#### [Task brief]
Take the data below and extract the lines from the one with "В СССР уроки" to the one with "РМ2.5 тоосонцор нь", inclusive, exactly as written.

#### [Dataset records]
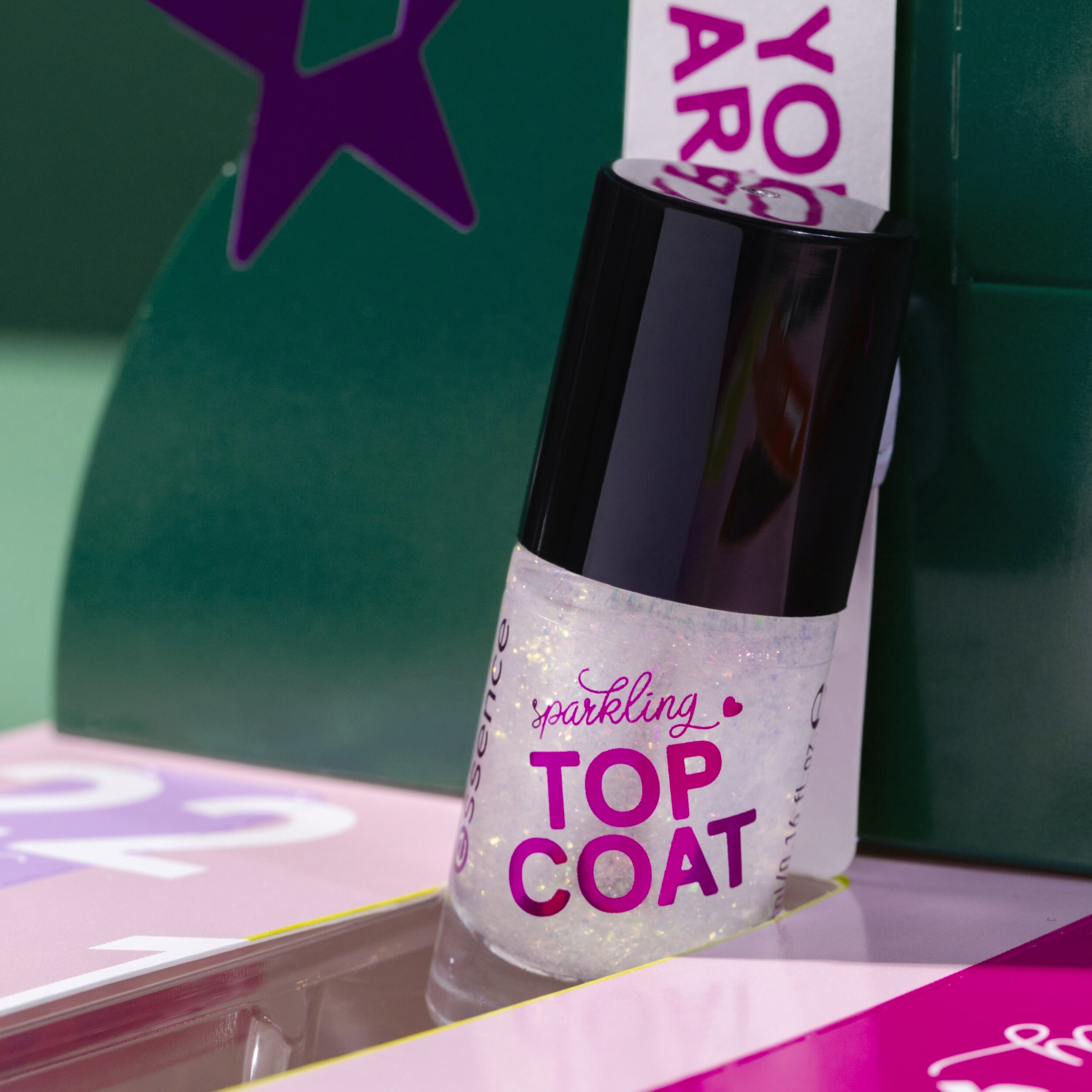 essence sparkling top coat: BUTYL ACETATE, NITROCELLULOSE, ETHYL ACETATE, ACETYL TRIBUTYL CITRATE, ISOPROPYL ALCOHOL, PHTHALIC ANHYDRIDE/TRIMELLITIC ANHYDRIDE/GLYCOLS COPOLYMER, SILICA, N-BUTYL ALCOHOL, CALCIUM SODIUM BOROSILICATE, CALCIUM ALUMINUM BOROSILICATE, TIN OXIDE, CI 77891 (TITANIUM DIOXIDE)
---
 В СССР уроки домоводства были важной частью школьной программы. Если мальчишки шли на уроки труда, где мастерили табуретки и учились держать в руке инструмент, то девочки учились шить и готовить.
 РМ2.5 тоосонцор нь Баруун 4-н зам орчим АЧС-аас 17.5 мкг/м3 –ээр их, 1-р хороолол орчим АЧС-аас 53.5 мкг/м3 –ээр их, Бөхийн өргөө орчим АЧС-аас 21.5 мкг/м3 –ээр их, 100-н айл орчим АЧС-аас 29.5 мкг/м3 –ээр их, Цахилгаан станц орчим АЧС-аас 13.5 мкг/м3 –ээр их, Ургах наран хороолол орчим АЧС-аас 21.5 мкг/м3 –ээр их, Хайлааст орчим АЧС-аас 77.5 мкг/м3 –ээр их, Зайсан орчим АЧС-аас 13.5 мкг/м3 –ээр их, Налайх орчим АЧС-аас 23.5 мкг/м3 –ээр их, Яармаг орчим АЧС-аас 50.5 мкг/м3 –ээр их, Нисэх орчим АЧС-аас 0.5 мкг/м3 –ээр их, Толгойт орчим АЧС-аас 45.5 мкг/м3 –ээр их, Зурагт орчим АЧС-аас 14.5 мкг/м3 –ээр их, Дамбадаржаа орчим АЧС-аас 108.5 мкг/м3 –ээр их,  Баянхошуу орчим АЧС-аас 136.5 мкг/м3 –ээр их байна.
---
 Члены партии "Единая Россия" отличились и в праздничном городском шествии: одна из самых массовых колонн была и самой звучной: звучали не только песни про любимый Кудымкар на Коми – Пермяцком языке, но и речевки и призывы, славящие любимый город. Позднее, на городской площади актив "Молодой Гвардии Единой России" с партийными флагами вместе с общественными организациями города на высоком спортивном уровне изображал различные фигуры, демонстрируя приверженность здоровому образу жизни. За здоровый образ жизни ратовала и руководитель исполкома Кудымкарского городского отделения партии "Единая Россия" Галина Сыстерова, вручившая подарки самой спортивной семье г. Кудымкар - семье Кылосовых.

#### [Result of this task]
 В СССР уроки домоводства были важной частью школьной программы. Если мальчишки шли на уроки труда, где мастерили табуретки и учились держать в руке инструмент, то девочки учились шить и готовить.
 РМ2.5 тоосонцор нь Баруун 4-н зам орчим АЧС-аас 17.5 мкг/м3 –ээр их, 1-р хороолол орчим АЧС-аас 53.5 мкг/м3 –ээр их, Бөхийн өргөө орчим АЧС-аас 21.5 мкг/м3 –ээр их, 100-н айл орчим АЧС-аас 29.5 мкг/м3 –ээр их, Цахилгаан станц орчим АЧС-аас 13.5 мкг/м3 –ээр их, Ургах наран хороолол орчим АЧС-аас 21.5 мкг/м3 –ээр их, Хайлааст орчим АЧС-аас 77.5 мкг/м3 –ээр их, Зайсан орчим АЧС-аас 13.5 мкг/м3 –ээр их, Налайх орчим АЧС-аас 23.5 мкг/м3 –ээр их, Яармаг орчим АЧС-аас 50.5 мкг/м3 –ээр их, Нисэх орчим АЧС-аас 0.5 мкг/м3 –ээр их, Толгойт орчим АЧС-аас 45.5 мкг/м3 –ээр их, Зурагт орчим АЧС-аас 14.5 мкг/м3 –ээр их, Дамбадаржаа орчим АЧС-аас 108.5 мкг/м3 –ээр их,  Баянхошуу орчим АЧС-аас 136.5 мкг/м3 –ээр их байна.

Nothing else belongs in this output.